## WHAT YOU ARE ASKED TO DO
All of the entries must be reproduced exactly, with no images carried over.

── DATASET EXCERPTS ──

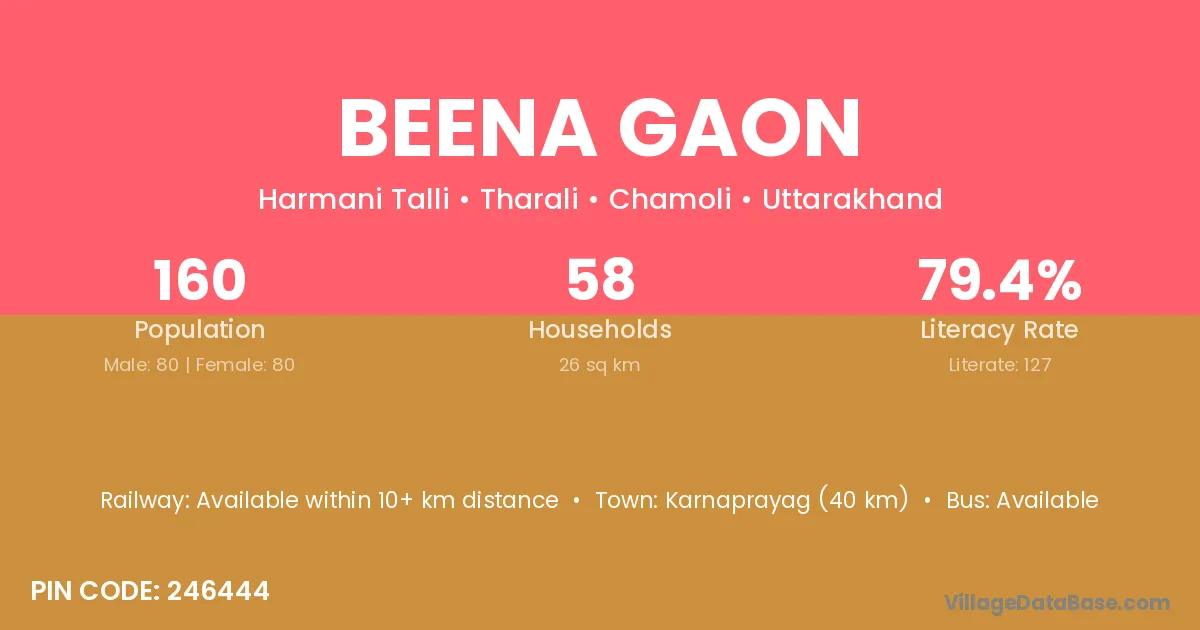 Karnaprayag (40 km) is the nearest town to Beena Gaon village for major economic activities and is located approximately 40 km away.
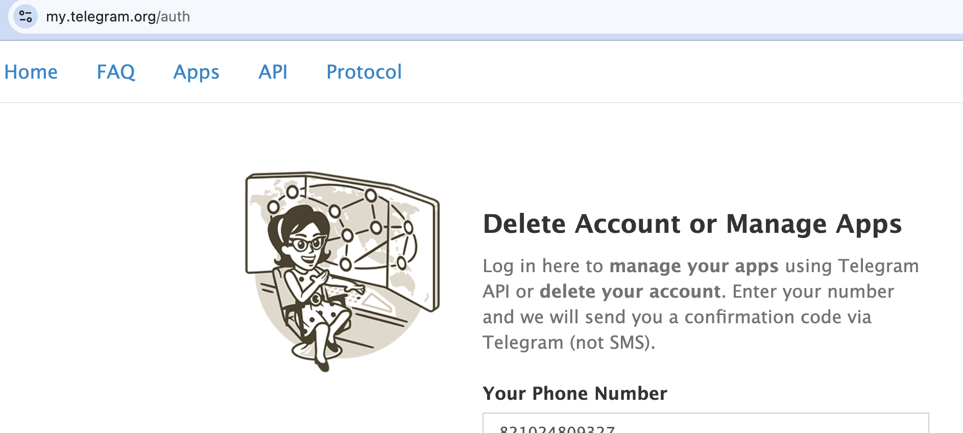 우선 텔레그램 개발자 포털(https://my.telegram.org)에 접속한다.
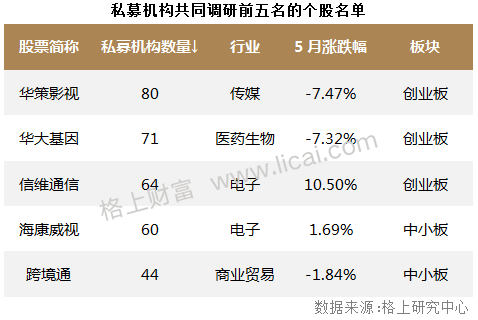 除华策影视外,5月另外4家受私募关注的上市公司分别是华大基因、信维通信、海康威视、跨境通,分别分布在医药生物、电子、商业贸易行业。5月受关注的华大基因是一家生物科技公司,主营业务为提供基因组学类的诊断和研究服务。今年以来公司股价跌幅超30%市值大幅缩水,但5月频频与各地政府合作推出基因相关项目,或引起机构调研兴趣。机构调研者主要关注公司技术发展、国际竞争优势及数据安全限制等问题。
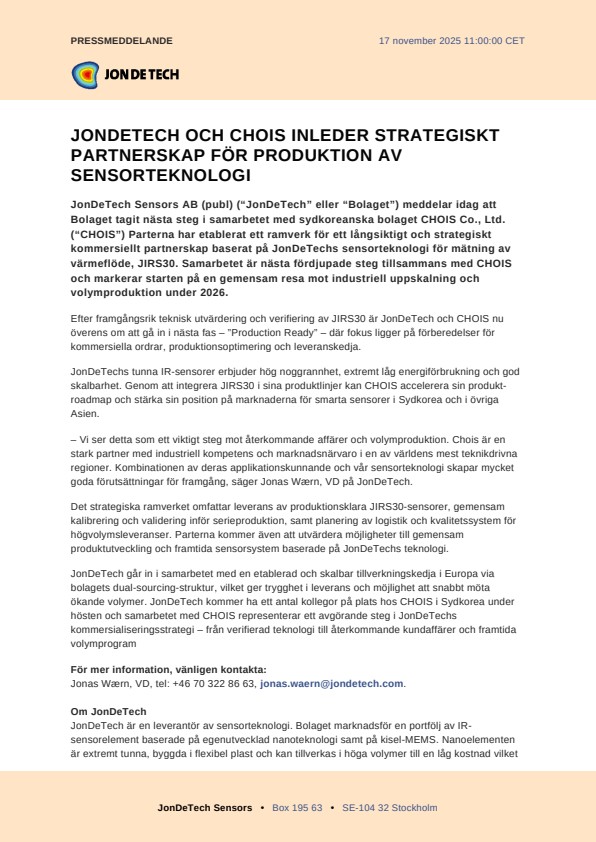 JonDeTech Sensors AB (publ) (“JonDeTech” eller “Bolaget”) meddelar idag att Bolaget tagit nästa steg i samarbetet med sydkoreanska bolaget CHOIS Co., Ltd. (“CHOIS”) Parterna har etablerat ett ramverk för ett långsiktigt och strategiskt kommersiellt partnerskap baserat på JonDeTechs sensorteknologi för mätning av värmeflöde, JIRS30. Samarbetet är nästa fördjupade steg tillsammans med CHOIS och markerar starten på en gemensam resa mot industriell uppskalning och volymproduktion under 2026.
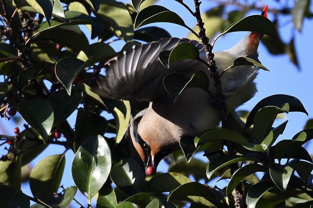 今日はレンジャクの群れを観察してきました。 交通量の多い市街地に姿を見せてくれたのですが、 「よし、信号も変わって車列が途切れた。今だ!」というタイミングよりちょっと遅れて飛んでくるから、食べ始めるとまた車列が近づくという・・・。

───

## RESPONSE TO THE EXERCISE
 Karnaprayag (40 km) is the nearest town to Beena Gaon village for major economic activities and is located approximately 40 km away.
 우선 텔레그램 개발자 포털(https://my.telegram.org)에 접속한다.
 除华策影视外,5月另外4家受私募关注的上市公司分别是华大基因、信维通信、海康威视、跨境通,分别分布在医药生物、电子、商业贸易行业。5月受关注的华大基因是一家生物科技公司,主营业务为提供基因组学类的诊断和研究服务。今年以来公司股价跌幅超30%市值大幅缩水,但5月频频与各地政府合作推出基因相关项目,或引起机构调研兴趣。机构调研者主要关注公司技术发展、国际竞争优势及数据安全限制等问题。
 JonDeTech Sensors AB (publ) (“JonDeTech” eller “Bolaget”) meddelar idag att Bolaget tagit nästa steg i samarbetet med sydkoreanska bolaget CHOIS Co., Ltd. (“CHOIS”) Parterna har etablerat ett ramverk för ett långsiktigt och strategiskt kommersiellt partnerskap baserat på JonDeTechs sensorteknologi för mätning av värmeflöde, JIRS30. Samarbetet är nästa fördjupade steg tillsammans med CHOIS och markerar starten på en gemensam resa mot industriell uppskalning och volymproduktion under 2026.
 今日はレンジャクの群れを観察してきました。 交通量の多い市街地に姿を見せてくれたのですが、 「よし、信号も変わって車列が途切れた。今だ!」というタイミングよりちょっと遅れて飛んでくるから、食べ始めるとまた車列が近づくという・・・。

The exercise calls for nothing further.